Personally, I love the idea of allowing the network to be more
inclusive by allowing connections other than the current IPIP one. Rather than replace IPIP, I would suggest that we keep it and just allow people to act as hubs for those that are behind NAT/Limiting firewalls, etc.
This is what we already have working, and others have that too. A local VPN server that is connected to IPIP (and in our case BGP too). However, such a setup is a bit complicated because the IPIP mesh is not well supported on many router types, and having the two different network types integrated in the same router also is kind of tricky.
Not everyone gets that right: all routes have to be in the same routing table and evaluated from more-specific to less-specific. But you still need to handle cases where multiple routes to the same subnet (using different protocols) can exist. In some cases, people have resorted to having multiple routing tables and searching them in a specific sequence, but that does not work correctly in some cases. Also there is the issue of determining the correct source address. Sometimes such gateways send traffic with a non-44net source address through an IPIP tunnel, which of course is unwanted.
So my proposal is to drop the IPIP mesh to remove this additional complexity, and make the system easier to rollout and maintain.

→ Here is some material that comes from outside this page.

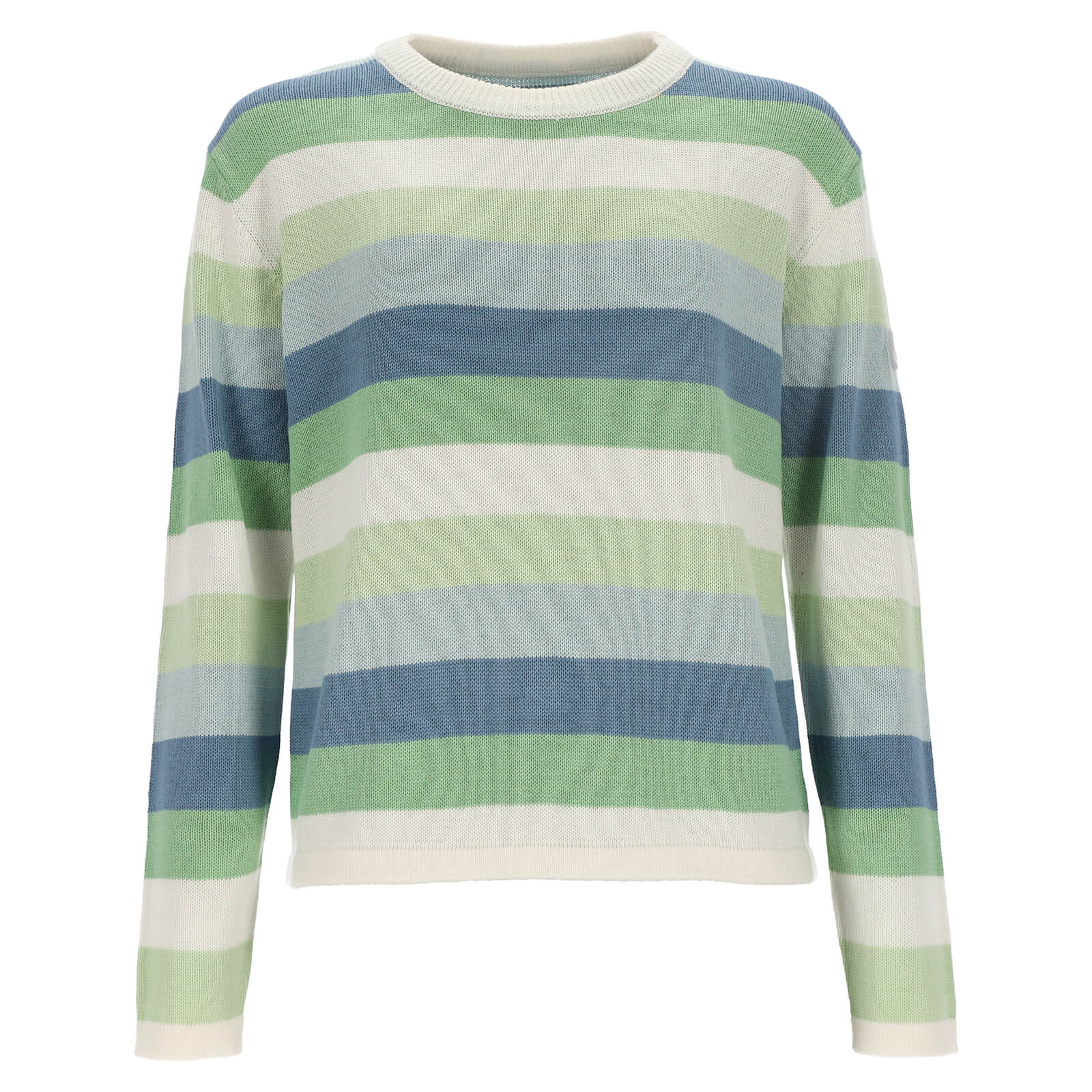 Leitfeuer Damen Strickpullover mit mehrfarbigen Streifen - Gestreifter Pullover mit überschnittenen Arm in Grün-Rauchblau Größe M

While I think BGP would be great, it adds questions like: can people
announce their own non-44 space, can people use their own ASNs, how will we allocate ASNs, how do we confirm people are announcing space actually allocated to them. One thing we can do, is look at DN42 and how they work. Their network is similar to some of these suggestion with the exception that they use private space.
Some of those topics have already been addressed and resolved before. For example w.r.t. the AS numbers, we have agreed to use an allocation scheme for private AS numbers so this can be delegated to individual regions without chance of collisions. The scheme is to use "42"+iso country designator+5 digits, where these 5 digits can be subdivided in a region specific way. Large countries have several iso country designators so there should be ample space using this scheme. Here we use 42204+3digits+2digits where a router in our 44.137.aaa.bbb/16 subnet gets AS 44204aaann where nn=bbb/16.
Of course this network is only meant to distribute net44 addresses, our routefilters filter announcements outside that. But you can announce space for your friend inside net44. Actually the same as the current IPIP situation.
Indeed very similar to what DN42 does.